__PROVIDED MATERIAL__
========================

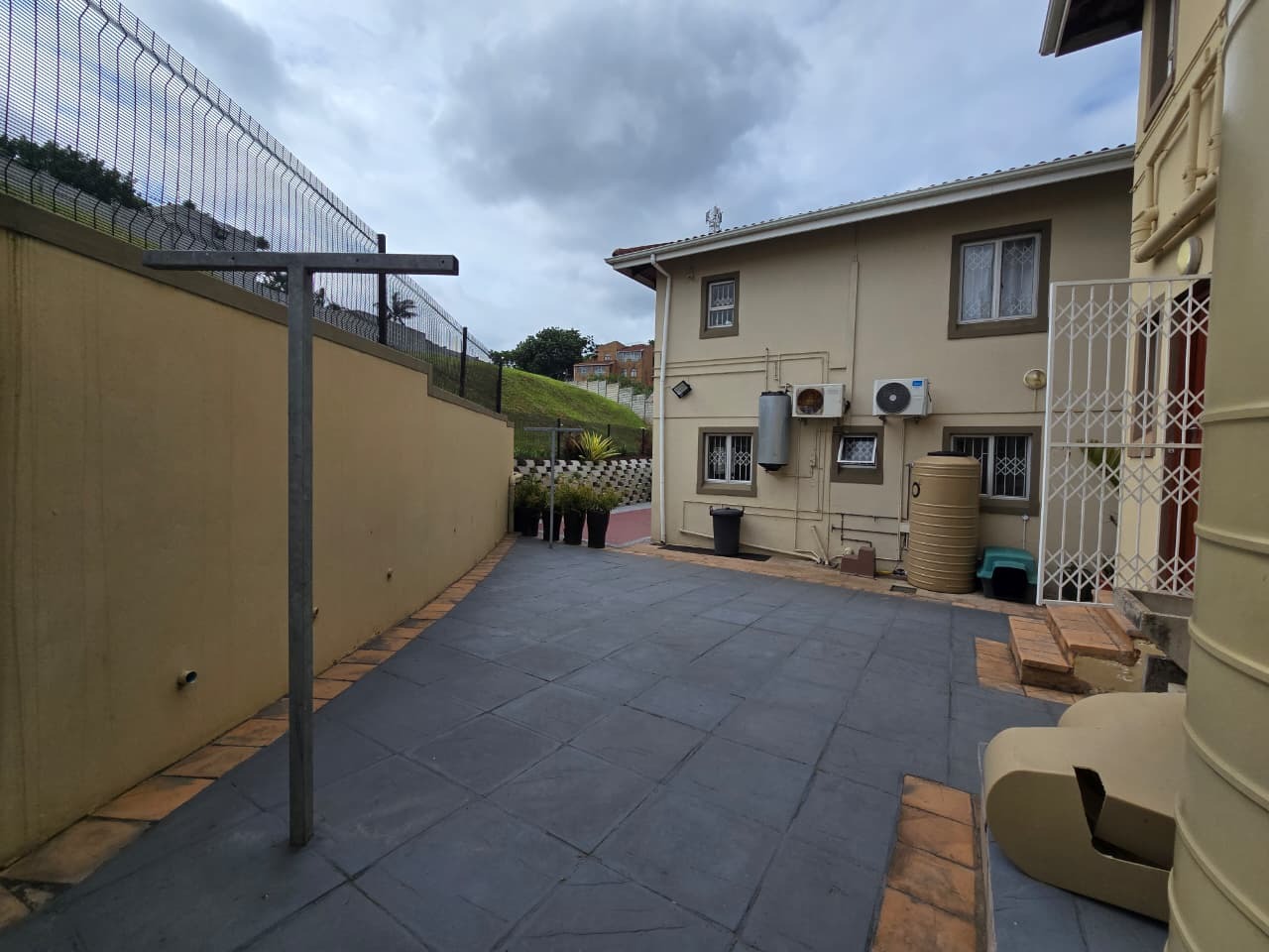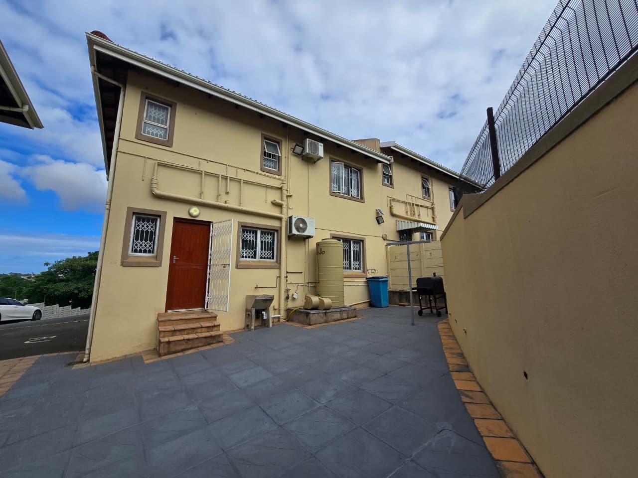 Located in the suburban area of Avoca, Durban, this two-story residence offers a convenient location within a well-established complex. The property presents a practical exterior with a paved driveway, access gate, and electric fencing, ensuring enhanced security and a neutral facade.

========================

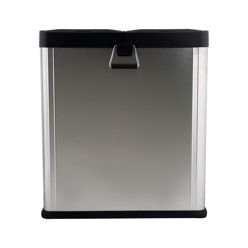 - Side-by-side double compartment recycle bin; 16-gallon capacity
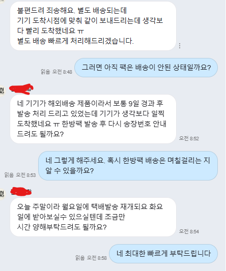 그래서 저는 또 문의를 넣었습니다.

========================

__ABOUT THIS EXERCISE__
Set the pictures aside and retype exactly the lines above from the line with "- Side-by-side double" to the line with "그래서 저는 또 문의를 넣었습니다.", both included, adding no others.

__ANSWER BELOW__
 - Side-by-side double compartment recycle bin; 16-gallon capacity
 그래서 저는 또 문의를 넣었습니다.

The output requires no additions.